( Figs 1‒3)
Oceania armata Kölliker, in Gegenbaur et al., 1853: 323.— Metschnikoff 1886: 78, pl. 1 figs 32‒39.— Mayer 1910: 147, figs 80‒81.— Kramp 1959: 99, fig. 63.— Kramp 1961: 65.— Kramp 1968: 27, fig. 67.— Brinckmann-Voss 1970: pl. 4 fig. 2.— Schuchert 1996: 15, fig. 4a ‒c.— Schuchert 2004: 333, fig. 5.—Kubota 2007: 67, figs 1‒5.
Oceania flavidula. — Gegenbaur, 1857: 223, pl. 7: fig. 4.
not Oceania flavidula Péron & Lesueur, 1810: 345 [?= Clytia spec.]
Turritopsis armata.— Haeckel, 1879: 65.
Callitiara polyophtalma Haeckel, 1879: 67, pl. 3 figs 1‒5.
Conis cyclophthalma Haeckel, 1879: 55, pl. 4 fig. 1.
? Corydendrium chevalense Thornely, 1904: 109, pl. 1 fig. 4.
Tiarella parthenopia Trinci, 1906: 208, figs 1‒2.
Turritopsis fascicularis Fraser, 1943: 76.— Fraser 1944: 37, fig 5.— Calder 2013: 11, fig. 1f.— Miglietta 2016: 426, figs 1‒3.
Oceania tydemani Bleeker & van der Spoel 1988: 249, fig. 7.
Description. Mature medusa 5‒10 mm high, maximal bell diameter about the same as height, umbrella bell-shaped with flat top, jelly uniformly thin. Manubrium on a transparent, shallow peduncle, not encircled by blocks of vacuolated cells but vacuolated cells present along proximal parts of radial canals. Manubrium large, up to 2/3 of subumbrellar height, ovoid, manubrium base constricted, with funnel-shaped mouth region. Stomach and mouth region distinctly cruciform in cross-section. Radial canals where joining manubrium funnel-like dilated and composed of large, vacuolated cells, continued on manubrium as perradial ribs resembling four clasping claws. Mouth rim in folds, with four prominent perradial lips. Margin of mouth with a continuous row of spherical nematocyst clusters, these usually on a short pedicel. Gonads smooth, on interradial surface of stomach. Four quite broad radial canals, margins occasionally jagged, circular canal broad. Marginal tentacles 80‒120, evenly tapering, gastrodermis chordoid. Origins of tentacles somewhat alternately displaced adaxially and abaxially (= in 2 rows). Each tentacle with a slight proximal swelling beginning shortly after origin. Adaxial ocelli near tentacle base. Nematocysts: microbasic euryteles, desmonemes. Colours: manubrium and gonads yellow, orange or orange brown, ocelli brown-red. Egg size about 0.27 mm.
Polyp stage forming erect, branched colonies, 1‒10 cm, strongly polysiphonic, thinning out to monosiphonic. Proximal parts of monosiphonic side-branches and hydranth pedicels adnate to branch of origin. Hydranths at ends of side branches, tubular, 0.6‒1 mm high, with rounded hypostome, up to 18 scattered filiform tentacles. Medusa buds at end of thin side-branches with proximal region adnate, spherical, 0.4‒0.5 mm, in advanced stages with four broad radial canals, manubrium very short, with four interradial pads, four marginal bulbs, about 8 tentacles stubs. Nematocysts of polyps are microbasic euryteles and desmonemes.

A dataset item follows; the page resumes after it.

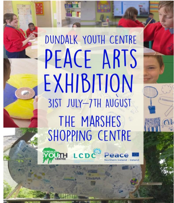
Invitation to PEACE IV – Peace Arts Exhibition

Distribution. The medusa occurs in coastal waters of tropical to warm temperate seas. It has been recorded from the Mediterranean, coasts of Senegal and Gambia, Canary Islands, Cape Verde, Azores, Portugal, West Indies, Japan, New Zealand, Tasman Sea, South China Sea, Red Sea; apparently it is absent from the eastern Pacific Ocean ( Kramp 1961; Schmidt & Klinker 1974; Schuchert 1996; Schuchert 2004; Xu & Huang 2006; Kubota 2007). Type locality: Strait of Messina, Mediterranean. The medusa occurs usually in depths of less than 200 m, but not at the surface ( Kramp 1965).
Remarks. While two records of the polyp (as T. fascicularis and T. chevalense, see Table 1) were found in depths of 274 to 573 m, they seem not to be restricted to deeper waters as one record ( Portugal sample) was from very shallow waters.